──────── Supplied data

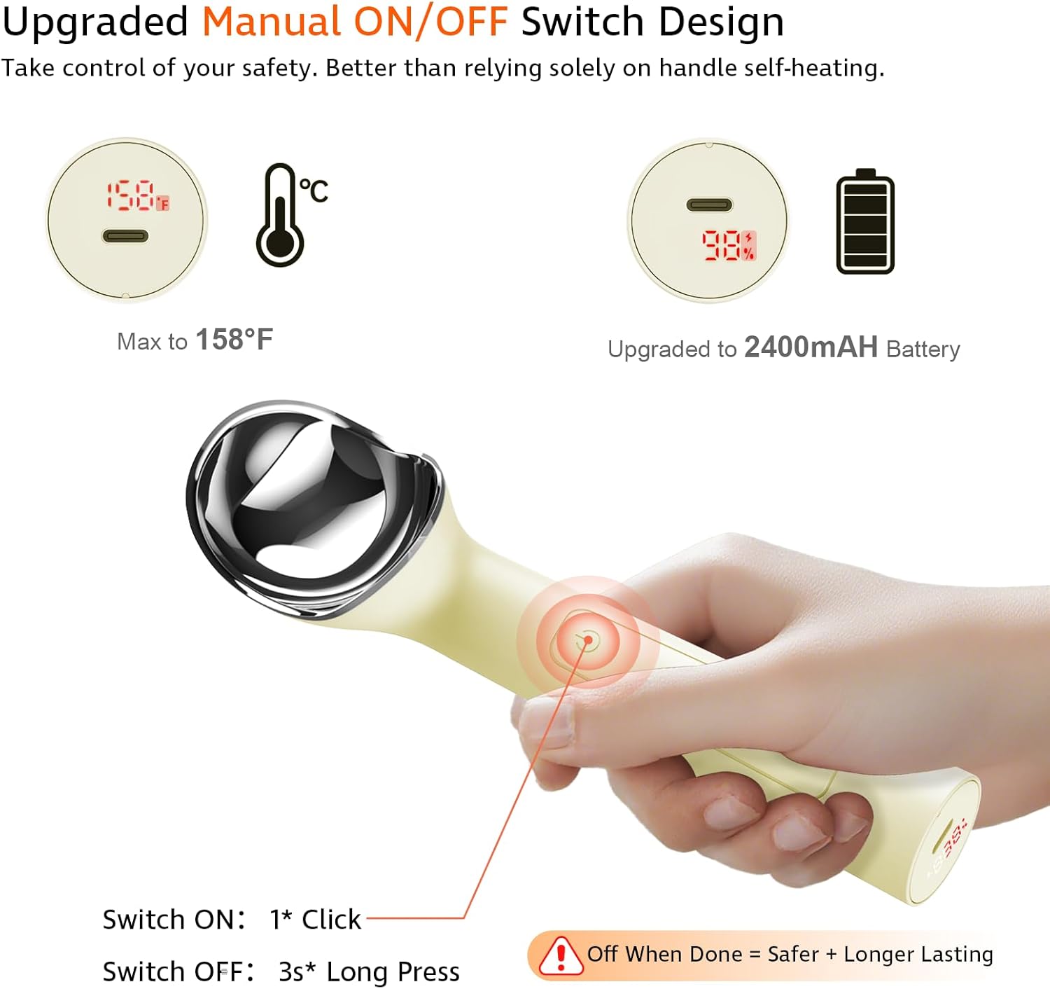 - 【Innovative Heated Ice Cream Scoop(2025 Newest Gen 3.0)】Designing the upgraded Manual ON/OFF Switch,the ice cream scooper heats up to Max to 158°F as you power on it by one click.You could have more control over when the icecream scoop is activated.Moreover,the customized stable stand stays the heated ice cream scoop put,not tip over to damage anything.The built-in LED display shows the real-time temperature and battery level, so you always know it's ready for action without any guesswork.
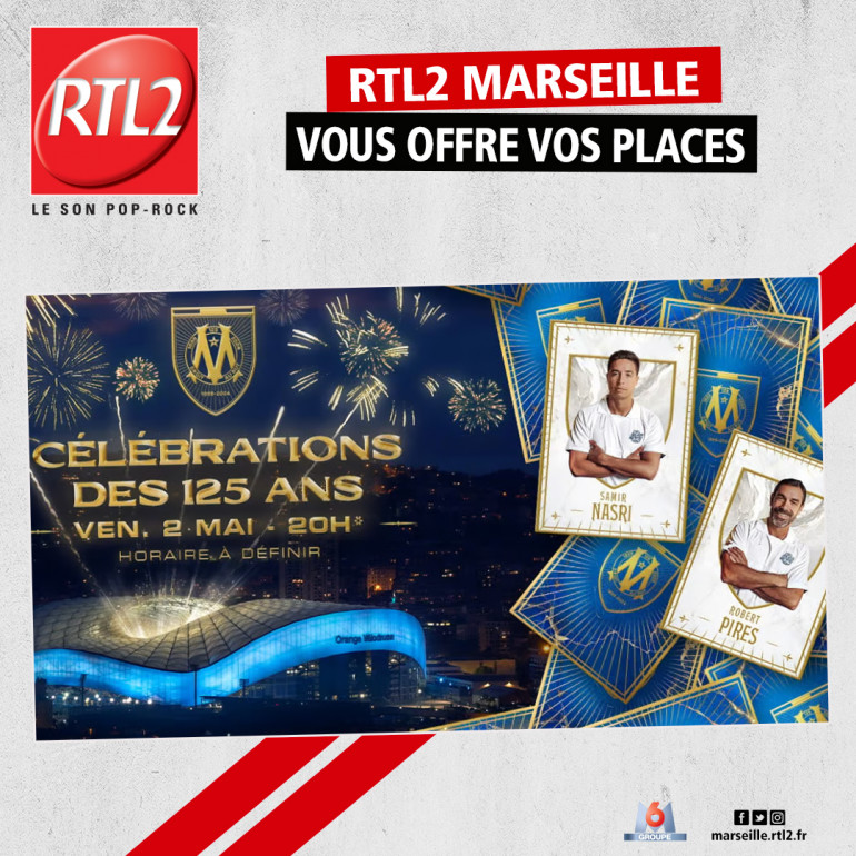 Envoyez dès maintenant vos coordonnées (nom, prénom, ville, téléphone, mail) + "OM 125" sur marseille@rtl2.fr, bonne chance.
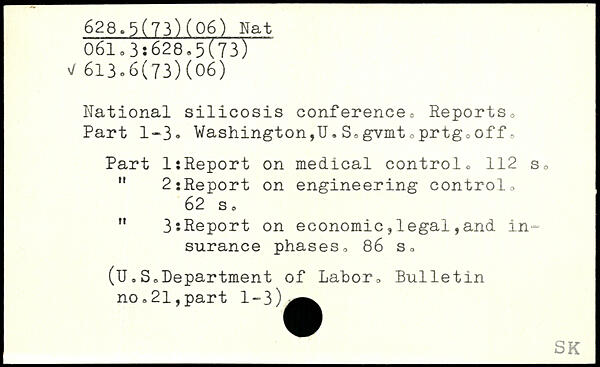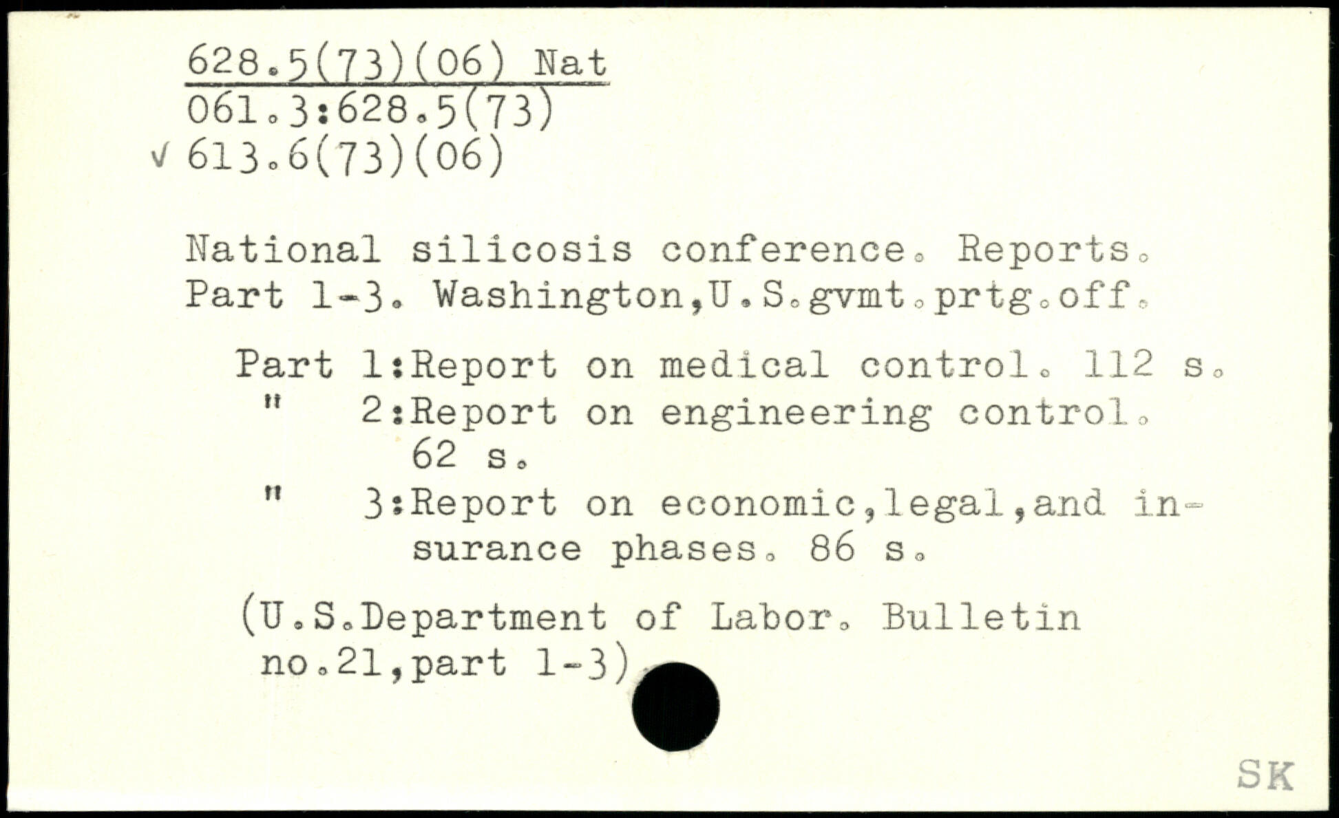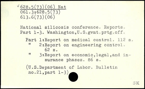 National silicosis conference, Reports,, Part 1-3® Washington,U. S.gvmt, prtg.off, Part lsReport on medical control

────────────────

■ **Activity**: Return all of the material precisely as written. No picture belongs in it.

■ **The completed task**:
 - 【Innovative Heated Ice Cream Scoop(2025 Newest Gen 3.0)】Designing the upgraded Manual ON/OFF Switch,the ice cream scooper heats up to Max to 158°F as you power on it by one click.You could have more control over when the icecream scoop is activated.Moreover,the customized stable stand stays the heated ice cream scoop put,not tip over to damage anything.The built-in LED display shows the real-time temperature and battery level, so you always know it's ready for action without any guesswork.
 Envoyez dès maintenant vos coordonnées (nom, prénom, ville, téléphone, mail) + "OM 125" sur marseille@rtl2.fr, bonne chance.
 National silicosis conference, Reports,, Part 1-3® Washington,U. S.gvmt, prtg.off, Part lsReport on medical control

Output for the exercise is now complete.